Churn, baby, churn

Code

library(tidyverse)
library(riekelib)
library(cmdstanr)

Understanding the average customer lifetime is crucial for businesses as it provides valuable insights into customer behavior and the overall health of the customer base. It’s a critical component of revenue forecasting and estimating the average customer lifetime value and can also be used to highlight opportunities for product improvement. Average customer lifetime is also connected to customer churn rates — if the churn rate is known, you can calculate the average customer lifetime.¹

¹ Under the assumption that the churn rate is constant over time. More on that later.

² These are also called survival models. I assume this is because they’re also used in measuring the effect of clinical treatments on a patient’s expected remaining lifetime. I prefer to call them censored models because it describes the data more accurately. Plus it’s a bit less morbid.

Estimating the churn rate from customer data is an interesting modeling problem. A simple average of the churn rate among customers who have churned will overestimate the churn rate — this average excludes active customers who will (potentially) remain active for a long time! A better method is to estimate churn via censored regression, which can account for observations with missing (i.e., censored) events (in this case, the churn date for active customers).² Censored models, however, make some assumptions that can conflict with the reality of data collection. Namely, censored models assume that time is continuous and no events occur at \(t = 0\).

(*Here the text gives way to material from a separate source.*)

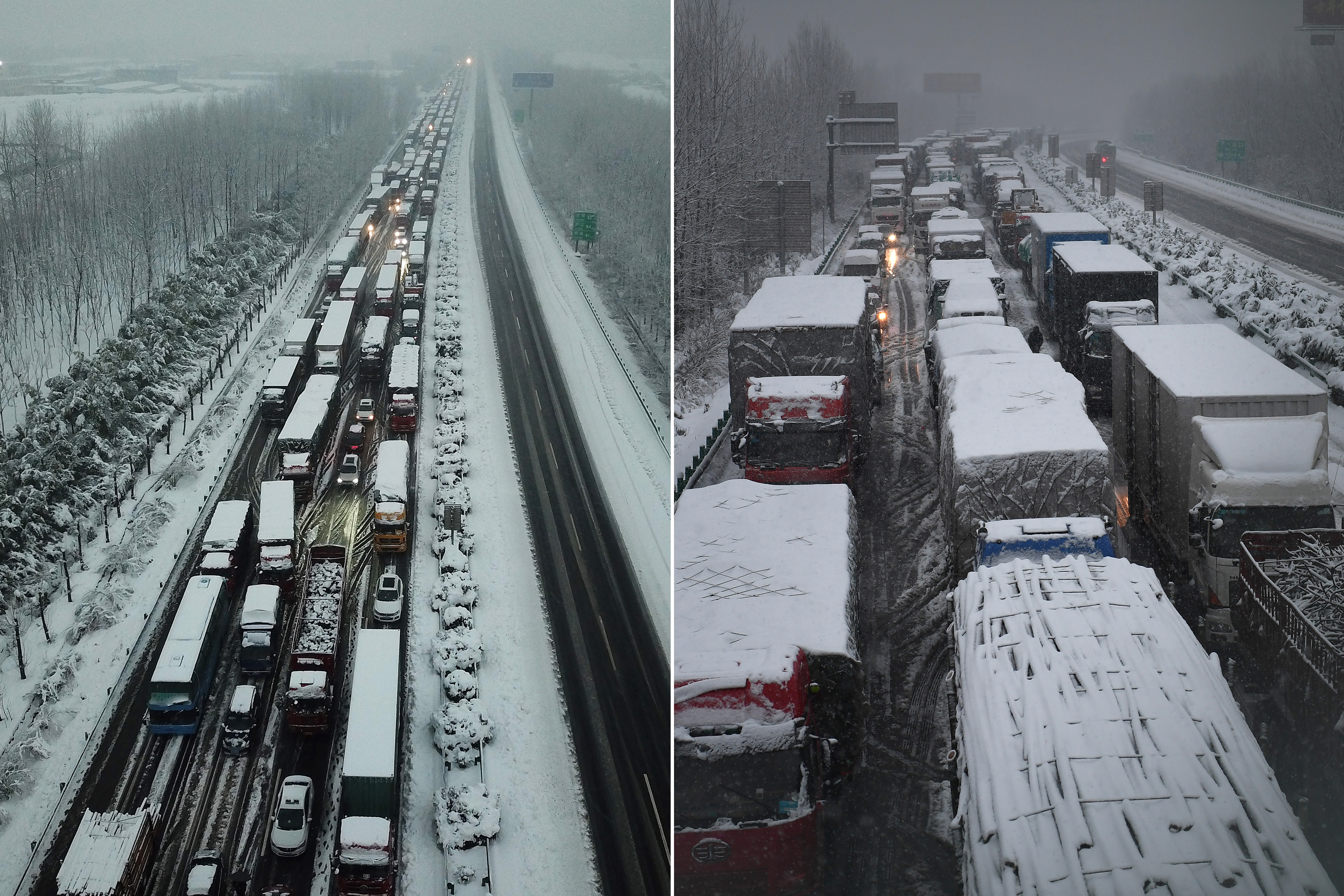 1月3号上午开始,安徽多地迎来新年首场降雪,当地气象台发布了暴雪橙色预警和道路结冰黄色预警。受暴雪影响,1月4日至5日,安徽省内10条高速部分路段的入口采取了临时封闭措施。由于道路结冰,部分高速和国道出现大面积车辆拥堵,时间长达十几小时。

In reality, data is often recorded in discrete time. For example, if I look at when customers drop out of a subscription service, the data may be grouped by day, month, quarter, or year. A censored model assumes that the data is continuous, rather than grouped.³ Additionally, when measured in discrete time, churn data can include events at \(t=0\). In the subscription service example, if the data were grouped by month, we may observe some customers that cancel their subscription prior to month end. These customers never made it to the end of the month (\(t=1\)), so their churn is recorded during month \(0\).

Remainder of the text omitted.